Once we've recorded our change and made a discussion on the repository, we can `pijul push boringcactus@nest.pijul.com:pijul/manual --to-channel :34` and it'll attach the change we just made to [discussion #34](https://nest.pijul.com/pijul/manual/discussions/34).
(It appears to be having trouble finding my SSH keys or persisting known SSH hosts, which means I have to re-accept the fingerprint and re-enter my Nest password every time, but that's not the end of the world.)

So yeah, Pijul definitely still isn't production-ready, but it shows some real promise.
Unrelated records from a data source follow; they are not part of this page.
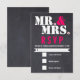 Mr. and Mrs. Modern typography black hot pink chalkboard wedding RSVP reply/response card featuring the Mr. and Mrs. courtesy titles in white, the ampersand in hot pink fuchsia and the period in white with a hot pink heart in it. This modern and contemporary, elegant wedding template design with has a vintage rustic flair to it. It is fun and trendy and is part of a wedding collection or set fully customisable perfect for a winter wedding.
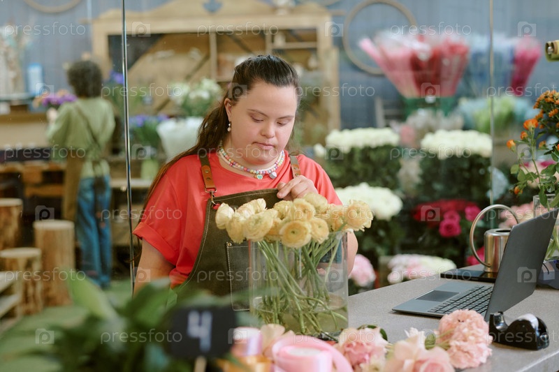 Женщина, считающая цветы в вазе
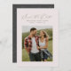 Simple, minimal and elegant, this one-photo vertical save the date is the perfect way to announce your engagement and upcoming wedding to friends and family. The script "save the date" sits above your custom type with plenty of room for names, wedding date, event location and any other info you'd like to share like a website on a soft blush pink background. The back is a matching charcoal grey with a white dash pattern.
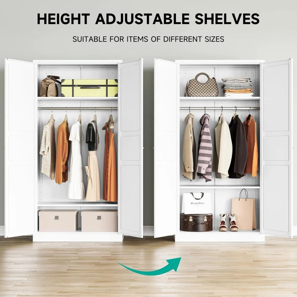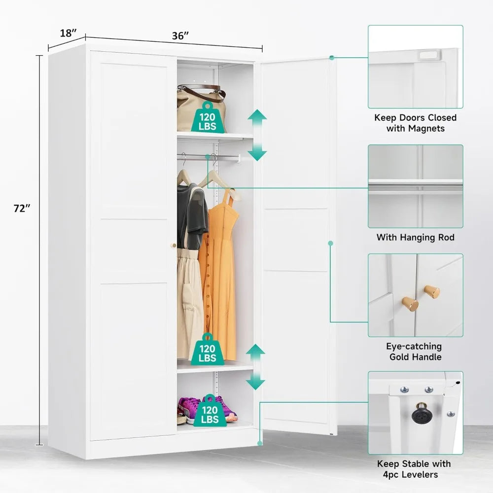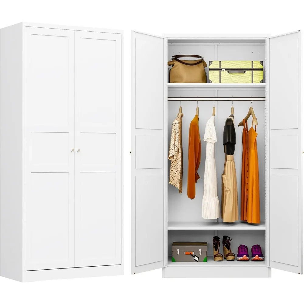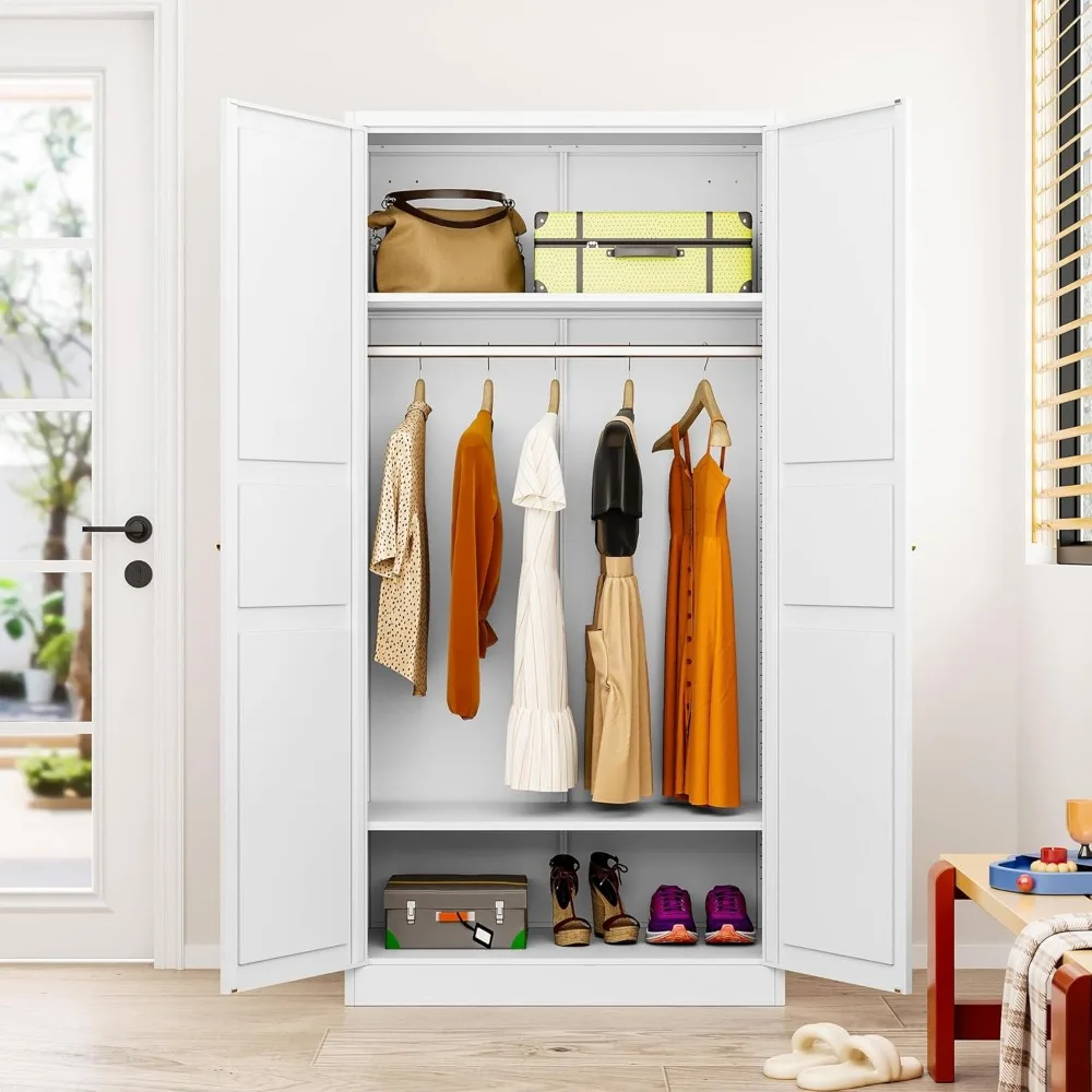 Metal Wardrobe Cabinet,Armoire Wardrobe Closet with doors,White Metal Clothing Storage Cabinet with Adjustable Shelves and Hangi

That said, you can't be better than Git if you aren't production-ready.
(Although you can totally be better than Git by having your own officially-blessed GitHub clone sorted out already.)
(And maybe, with time, you can be eventually better than Git.)

## what next?

None of the existing VCSes that I looked at were unreservedly better than Git, but they all had aspects that would help beat Git.

A tool which is actually better than Git should start by being no worse than Git:

* allow importing existing Git repositories
* don't require Git users to relearn every single thing - we already had to learn Git, we've been through enough

Then, to pick and choose the best parts of other VCSes, it should

* have a UI that's better, or at least perceived as better, than Git's - ideally minimalism and intuitiveness will get you there, but user testing is gonna be the main thing
* avoid opaque hashes as the primary identifier for things - `r62` carries more meaning than `7c7bb33` - but not at the expense of features that are actually important
* go beyond just source code, and cover issues, documentation wikis, and similar items, so that (for at least the easy cases) the entire state of the project is contained within version control
* approach history as not just a linear sequence of facts but a *story*
* offer hosting to other developers who want to use your VCS, so they don't have to figure that out themselves to get started in a robust way

And just for kicks, a couple of extra features that nobody has but everybody should:

* the CLI takes a back seat to the GUI (or TUI, I guess) - seeing the state gets easier that way, discovering features gets easier that way, teaching to people who aren't CLI-literate gets easier that way
* contributor names & emails aren't immutable - trans people exist, and `git filter-graph` makes it about as difficult to change my name as the state of Colorado did
* if you build in issue/wiki/whatever tracking, also build in CI in some way
* avoid internal jargon - either say things in plain $LANG or develop a consistent and intuitive metaphor and use it literally everywhere

I probably don't have the skills, and I certainly don't have the free time, to build an Actually Good VCS myself.
But if you want to, here's what you're aiming for.
Good luck.
If you can pull it off, you'll be a hero.
And if you can't, you'll be in good company.